* **WHAT IS NEEDED**
Print exactly the lines that run from the opening line of the material through the line with "Flores de ouro", and nothing else, leaving out pictures.

* **GIVEN DATA**
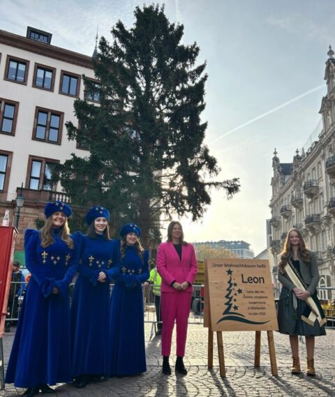 Vor dem Wiesbadener Rathaus steht ab heute der Weihnachtsbaum. Der diesjährige Baum ist eine Rotfichte. Das hat die hessische Landeshauptstadt
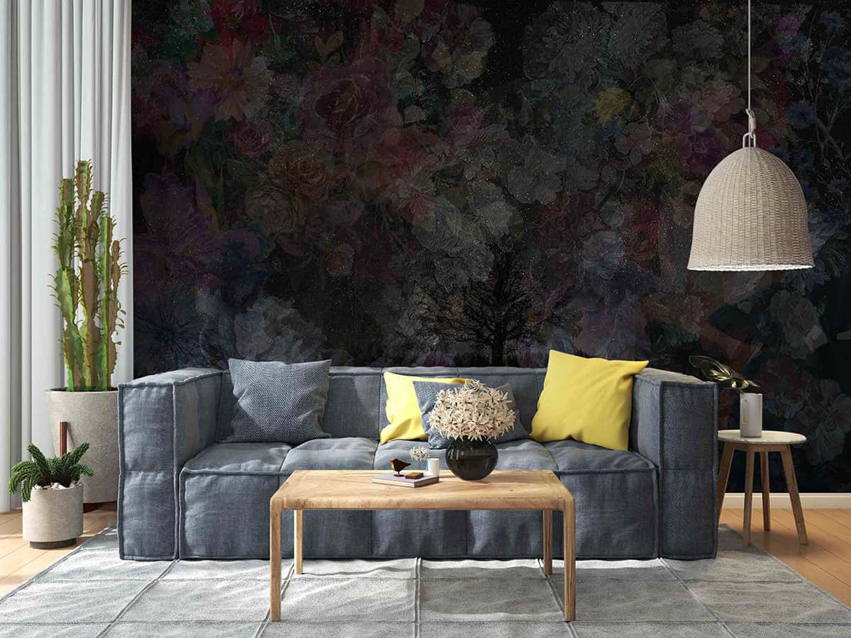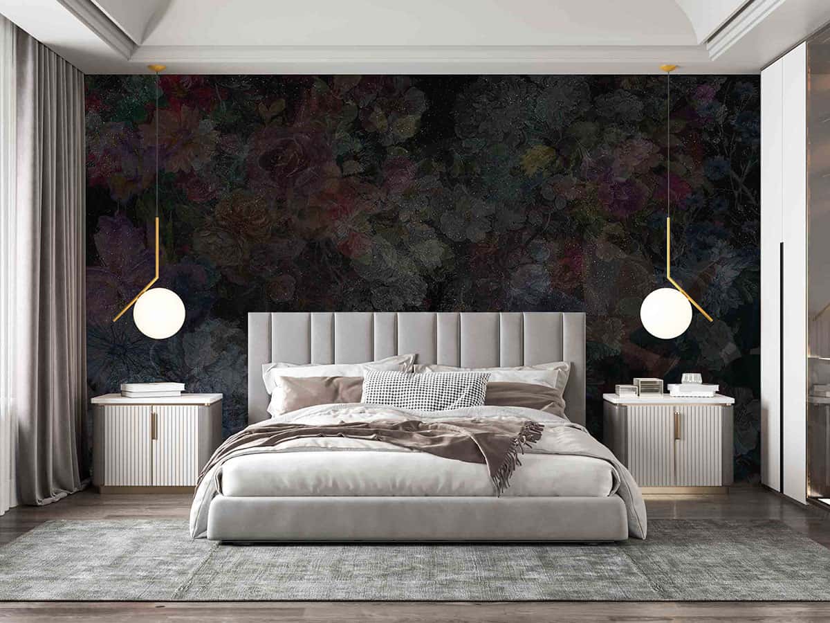 Duvar Kağıdı Özel Tasarım Koyu Çiçekli H0022
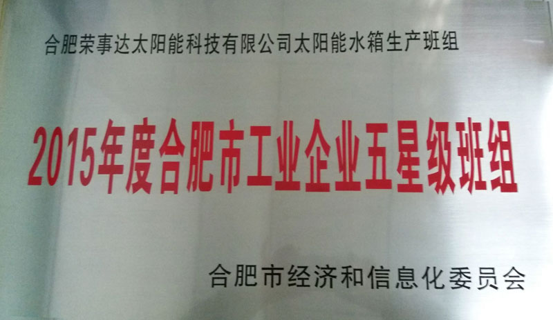 1月初,安徽省合肥市经济和信息化委员会公布了“2015年度合肥市工业企业星级班组”最终榜单,其中,荣事达太阳能水箱生产班组、江淮汽车汽油机三厂总装车间热试班、合凯电气过电压生产班组等企业班组均荣获“2015年度合肥市工业企业五星级班组”荣誉称号。
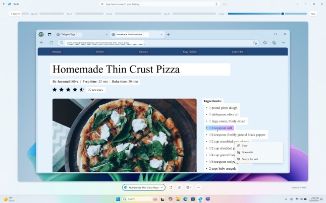 An example Microsoft gave is: ‘Maybe you wanted to make that pizza recipe you saw earlier today but you don’t remember where you saw it. Typing thin crust pizza into the search box would easily find the recipe again. You could also search for pizza if you didn’t remember the specific type of pizza.’
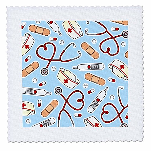 3dRose qs_128494_2 Nurse Love Cute Cartoon Rn Supplies Quilt Square, 6 by 6-Inch, Blue
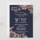 Flores de ouro rosa e tipografia elegantes, quic e simples e modernas imprimem flores e tipografia em marinho azul, em voga, convites para Festas de solteira. Este design clássico e sofisticado é perfeito para a classe, a moda e a na moda. Personalize com sua própria mensagem na frente e um monograma personalizado na parte de trás. Todas as impressão de fotos.
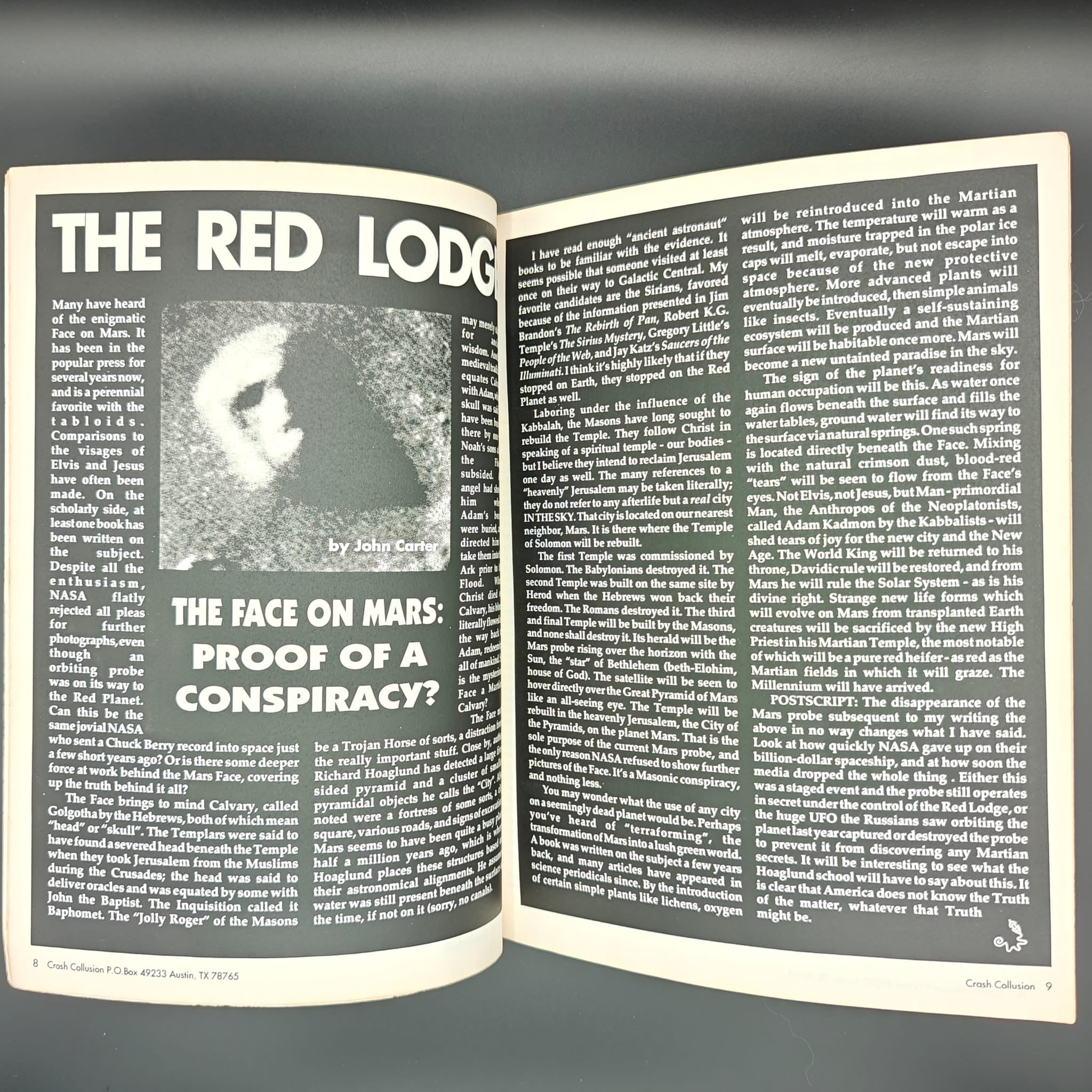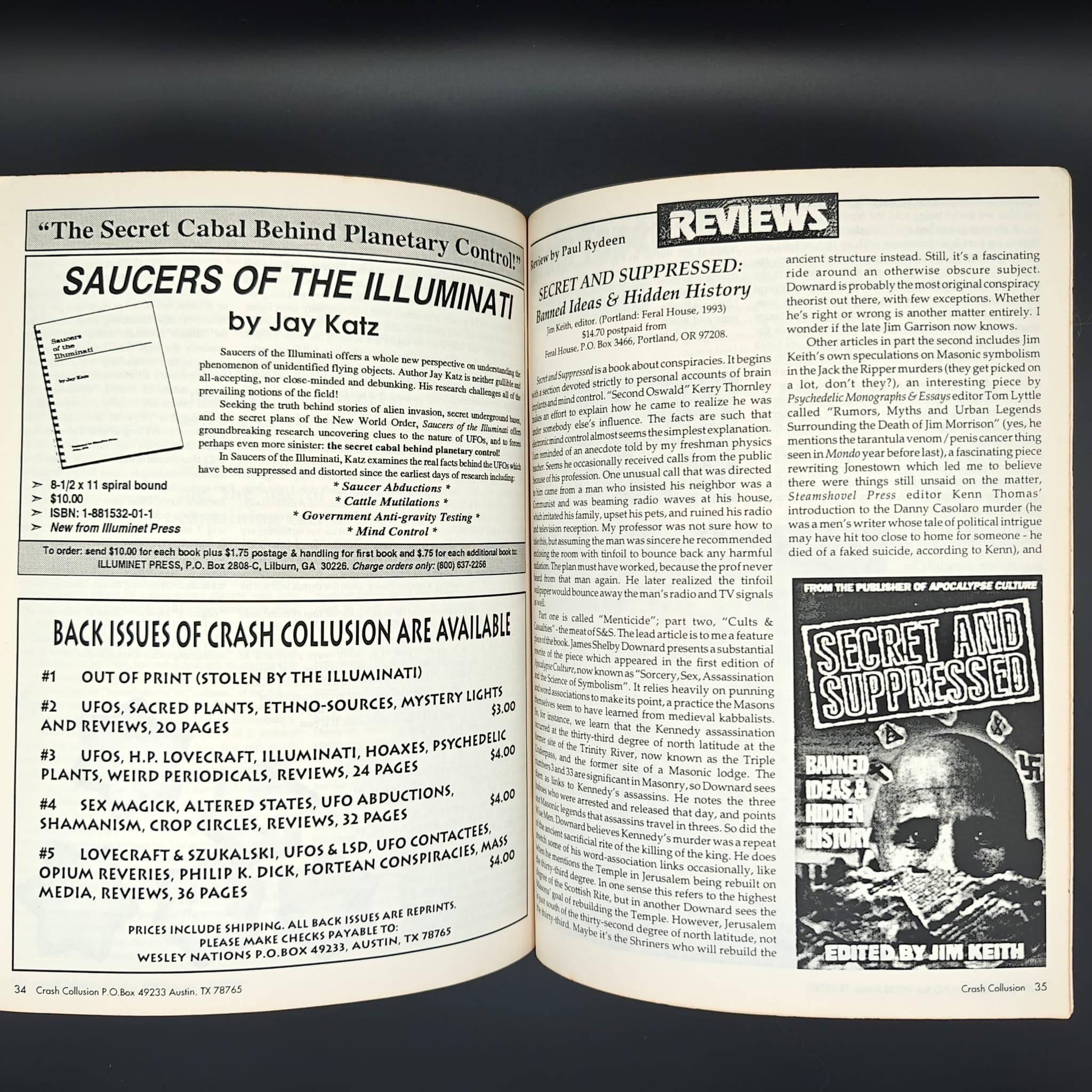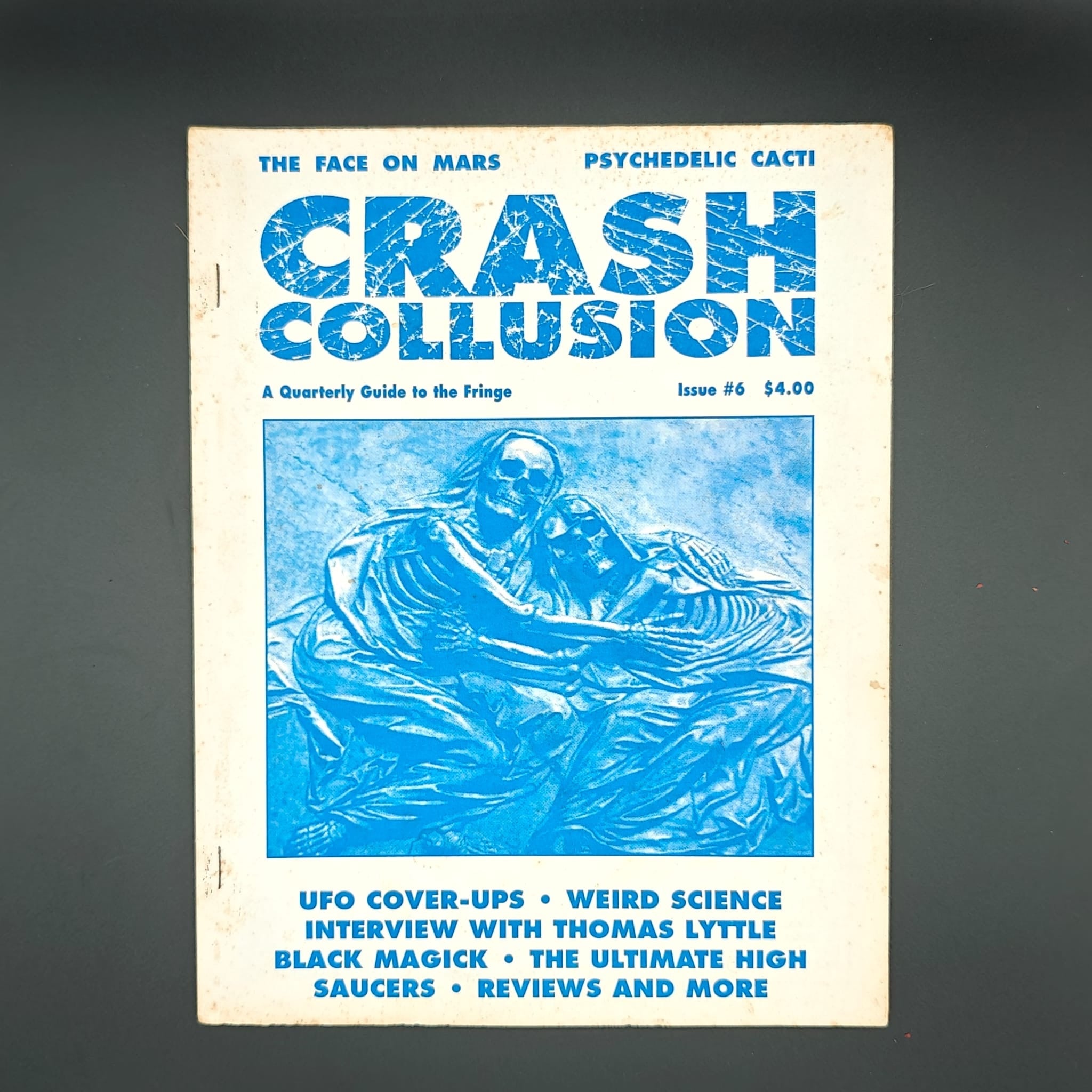 pp. 42. Crash Collusion, A Quarterly Guide to the Fringe, a weirdo zine from Austin in the 90s. Bringing us the finest in: the Face on Mars, Psychadelic Cacti, UFO coverups, weird science, interview with Thomas Lyttle, black magick, the ultimate high, saucers, etc. Single staple bound, blue, black, and white, illustrated throughout. Overall VERY GOOD
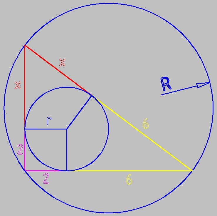 точка касания вписанной окружности делит катет прямоугольного треугольника на отрезки 2см и 6см считая от вершины прямого угла. найдите радиусы описанной и вписанной окружностей
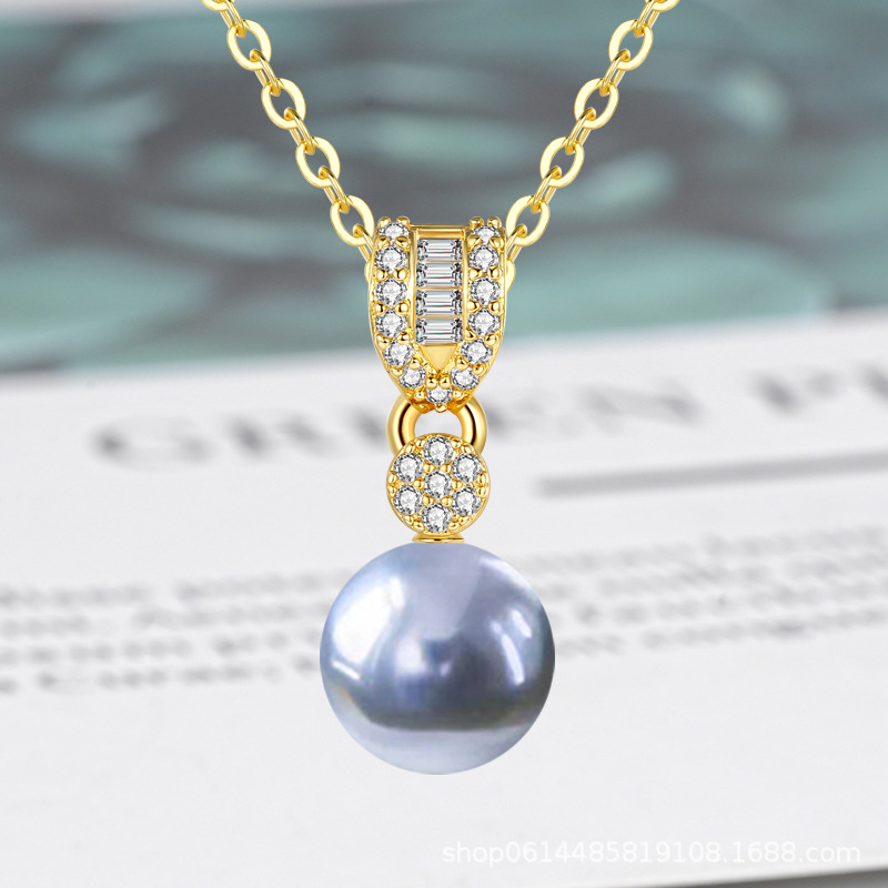 Color: X25 [14MM dark gray Bead Pendant/Without Chain] Gold

* **RESULT OF THIS EXERCISE**
 Vor dem Wiesbadener Rathaus steht ab heute der Weihnachtsbaum. Der diesjährige Baum ist eine Rotfichte. Das hat die hessische Landeshauptstadt
 Duvar Kağıdı Özel Tasarım Koyu Çiçekli H0022
 1月初,安徽省合肥市经济和信息化委员会公布了“2015年度合肥市工业企业星级班组”最终榜单,其中,荣事达太阳能水箱生产班组、江淮汽车汽油机三厂总装车间热试班、合凯电气过电压生产班组等企业班组均荣获“2015年度合肥市工业企业五星级班组”荣誉称号。
 An example Microsoft gave is: ‘Maybe you wanted to make that pizza recipe you saw earlier today but you don’t remember where you saw it. Typing thin crust pizza into the search box would easily find the recipe again. You could also search for pizza if you didn’t remember the specific type of pizza.’
 3dRose qs_128494_2 Nurse Love Cute Cartoon Rn Supplies Quilt Square, 6 by 6-Inch, Blue
 Flores de ouro rosa e tipografia elegantes, quic e simples e modernas imprimem flores e tipografia em marinho azul, em voga, convites para Festas de solteira. Este design clássico e sofisticado é perfeito para a classe, a moda e a na moda. Personalize com sua própria mensagem na frente e um monograma personalizado na parte de trás. Todas as impressão de fotos.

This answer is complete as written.